Prichard “REM ve NREM (REM olmayan) arasındaki uykularınıza kıyasla REM ile uyanıklık arasındakilerde, rüyalarınızı daha çok hatırlarsınız ve uykunuzu huzursuz olarak tanımlarsınız çünkü rüyanın içeriği, sonraki güne uzatabilir ve de ruh halinizi etkileyen olumsuz duygularla doludur. Ayrıca, düşük kalitedeki uykular negatif hissetme ihtimalini arttırır.” dedi.
Rüyalarımız daha gerçekçi olduğunda ve uyandığımızda endişe duyuyorken çoğumuzun başa çıkmakta zorlanması hiç şaşırtıcı değil. Ayrıca, alkol bazıları için rahatlamanın keyifli yolu. Alkolün uykuya geçişi kolaylaştırmasıyla bilinmesine rağmen, uykuyu bozabilir de. Neden Uyuruz?’un yazarı Matthew Walker, alkolün bizi daha kolay uyutuyor gibi gözükmesine rağmen daha iyi uyutmadığını açıklıyor. Bu zorlu zamanlarda herkesin alkolü bırakması gerçekten bir cevap mı?
Kronik uyku yoksunluğu

Profesör Prichard da alkol tükettiğini söyledi ve ekledi: “Sizi temin ederim ki bu uykuya geçişi rahatlamayla alakalı değil.”
Uyku, fiziksel ve akıl sağlığımızı devam ettirmek için oldukça önemlidir. Biz uyurken beynimiz bu zamanı kendini onarmak için kullanır: Yeni sinir hücreleri inşa eder, sinir yollarını yeniden yapılandırır ve genel bilişsel işlevimizi geliştirir.
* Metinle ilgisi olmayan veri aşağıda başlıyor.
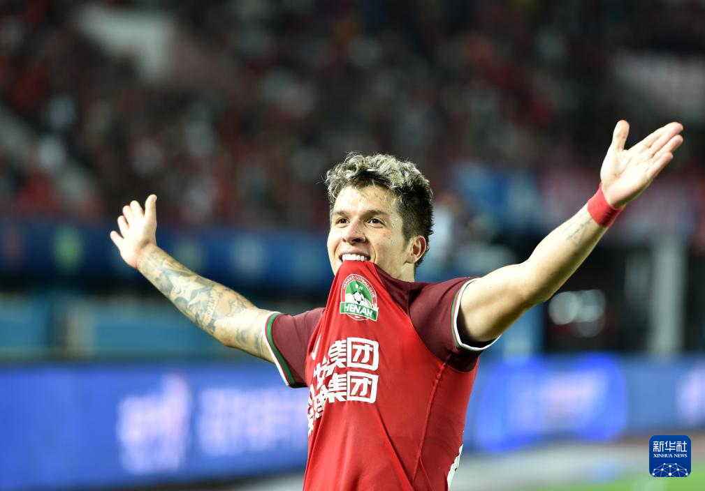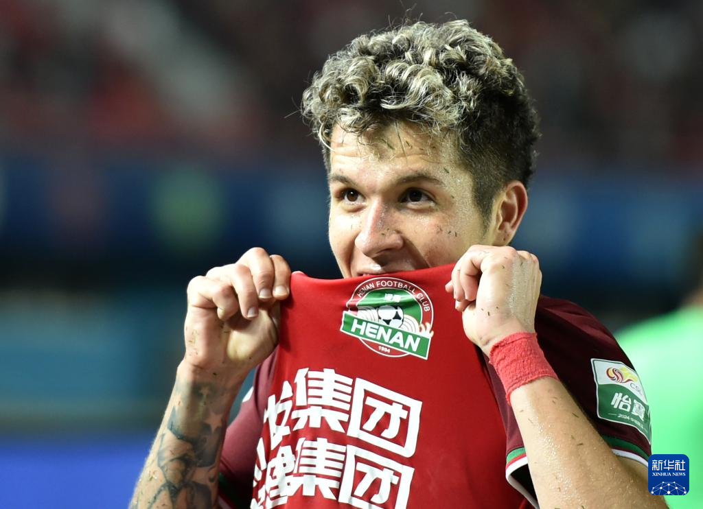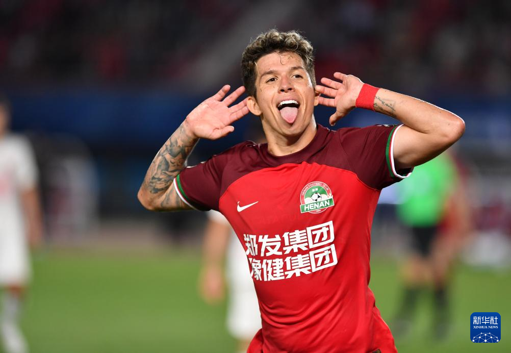 9月21日,河南俱乐部酒祖杜康队球员纳萨里奥在比赛中庆祝进球。
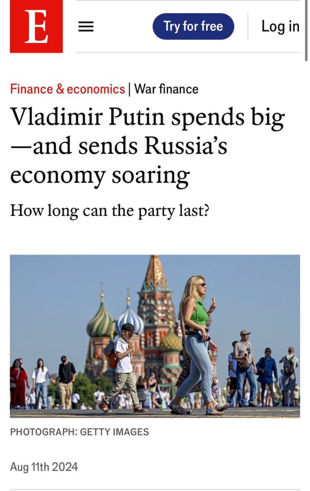 Cette année, le PIB russe devrait augmenter de plus de 3 % en termes réels, soit plus vite que 95 % des pays riches. En mai et juin, l’activité économique a « considérablement augmenté », selon la banque centrale. D’autres mesures de l’activité en « temps réel », dont une publiée par la banque Goldman Sachs, suggèrent que l’économie accélère (voir graphique 1). Le chômage est proche de son plus bas historique ; le rouble se porte bien. Certes, l’inflation est trop élevée – en juin, les prix ont augmenté de 8,6 % sur un an, bien au-dessus de l’objectif de 4 % de la banque centrale – mais avec des revenus en espèces en hausse de 14 % sur un an, le pouvoir d’achat des Russes augmente rapidement. Contrairement à presque tout le monde, les Russes sont satisfaits de l’économie.
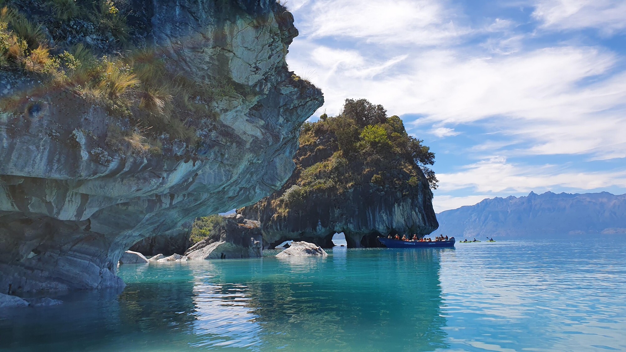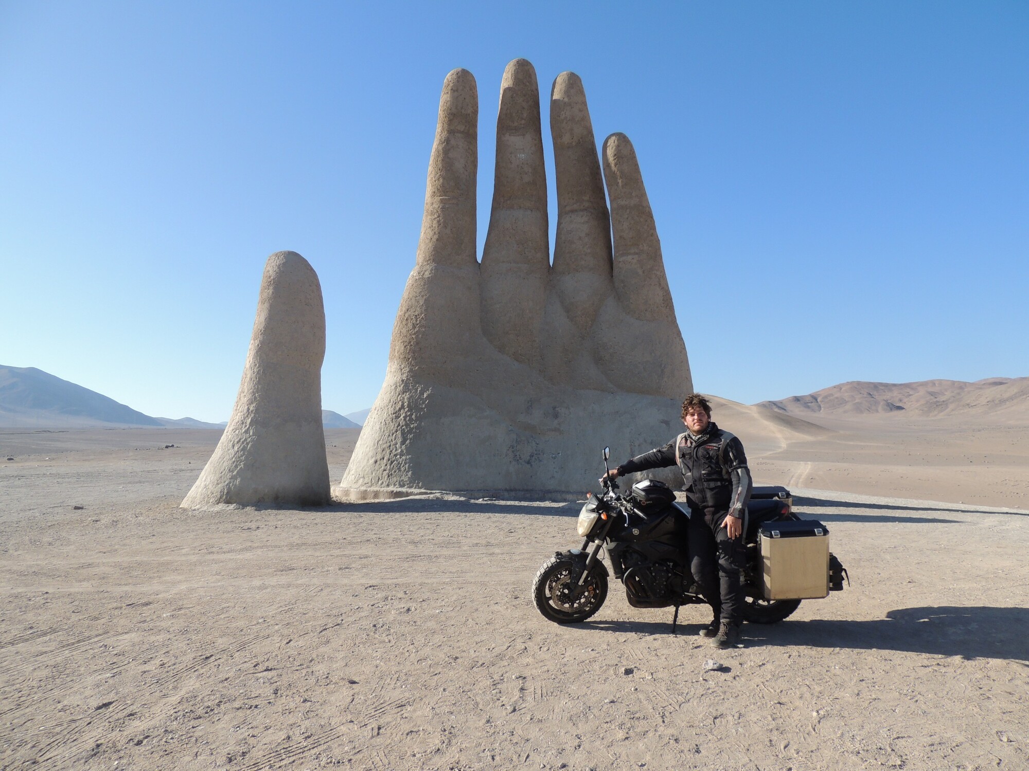 Niki a Boris na potulkách motorkou. Na fotke sú Mramorové útesy v Čile.

Bunu yapmazsa, anksiyete ve depresyon gibi ruh sağlığıyla alakalı hastalıklar büyüyebilir. Neredeyse her makalede “bu zor zamanlar” ifadesinin görüldüğü bir zamanda uykuya öncelik vermek pozitif kalmak için kendimize verdiğimiz en iyi fırsat olacaktır. Bundan sadece beynimiz fayda sağlamayacak.
Kronik olarak uyku yoksunluğu yaşadığımızda vücudumuz bizi dik tutabilmek için kolaya kaçar ve maalesef bağışıklık sistemimiz de zarar görecek yerlerden birisidir. Daima daha az uyuyan insanların grip olma, solunum hastalıklarına yakalanma ihtimali diğerlerinden üç kat fazladır.
Beslenme ve spor gibi uyku da günlük yaşantımızın önemli bir parçasıdır ve birçoğumuz uykuyu başka şeyler uğruna ihmal ediyoruz. Bir sonraki seferde, kendini erken saatlerde Netflix’te bulduğunda belki “Bu bölüm yarına kadar bekleyebilir mi?” diye sorarsın.